— About this task —
Return only the lines from the top of the data down to the one that holds "Students visit the", both included, without any pictures.

— Data below —

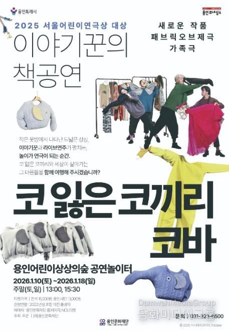 시민행정신문 기자 | 용인문화재단은 오는 2026년 1월 10일부터 1월 18일까지 용인어린이상상의숲 공연놀이터에서 패브릭오브제극 '코 잃은 코끼리 코바'를 선보인다.
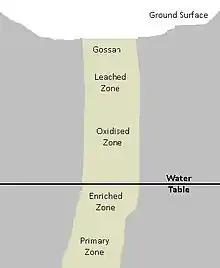 Different zones can be identified at different depths. From the surface down they are gossan cap, leached zone, oxidized zone, water table, enriched zone (supergene enriched zone) and primary zone (hypogene zone).[3]
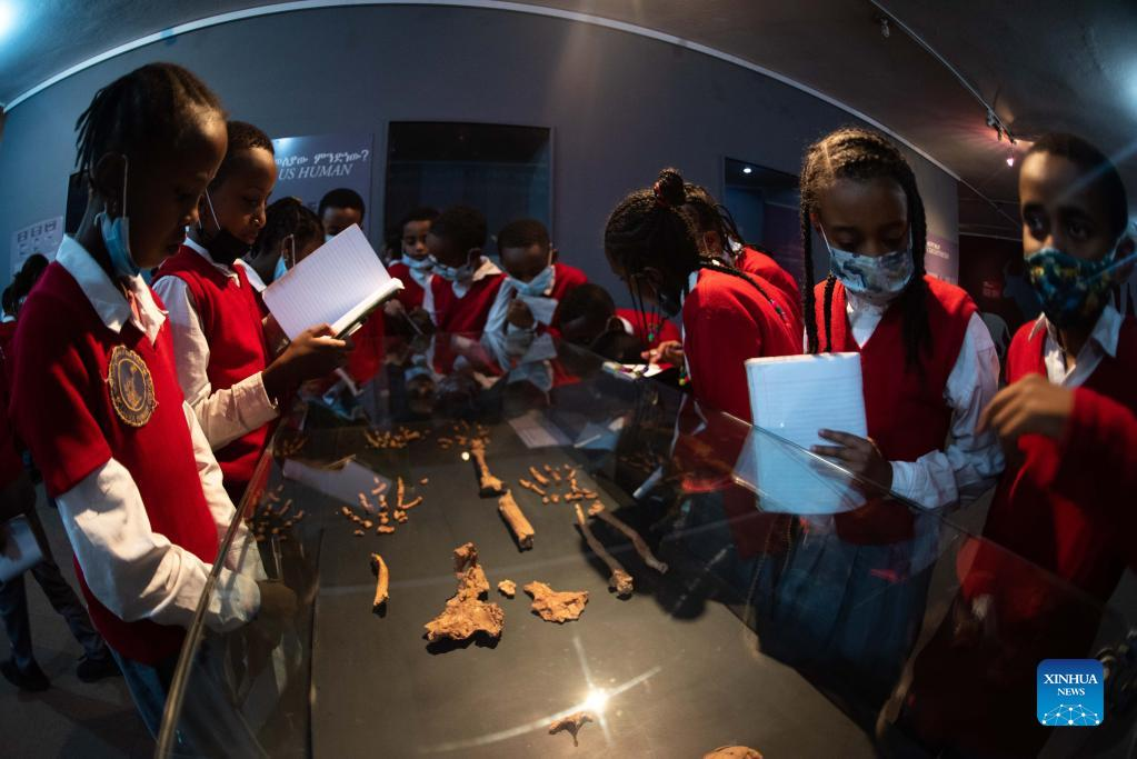 Students visit the National Museum of Ethiopia in Addis Ababa, Ethiopia, on May 18, 2022. The museum houses collections of precious heritages, including fossilized bones of a female of the hominin species Australopithecus afarensis, named "Lucy", which is believed to live about 3.2 million years ago. (Xinhua/Michael Tewelde)
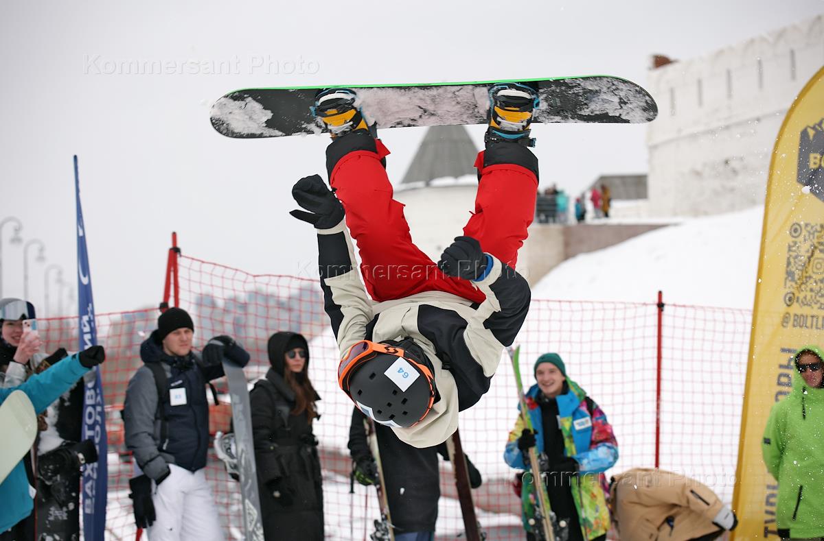 The first alpine skiing festival "Steep Descent" near the walls of the Kazan Kremlin. Genre photography.

— Response area —
 시민행정신문 기자 | 용인문화재단은 오는 2026년 1월 10일부터 1월 18일까지 용인어린이상상의숲 공연놀이터에서 패브릭오브제극 '코 잃은 코끼리 코바'를 선보인다.
 Different zones can be identified at different depths. From the surface down they are gossan cap, leached zone, oxidized zone, water table, enriched zone (supergene enriched zone) and primary zone (hypogene zone).[3]
 Students visit the National Museum of Ethiopia in Addis Ababa, Ethiopia, on May 18, 2022. The museum houses collections of precious heritages, including fossilized bones of a female of the hominin species Australopithecus afarensis, named "Lucy", which is believed to live about 3.2 million years ago. (Xinhua/Michael Tewelde)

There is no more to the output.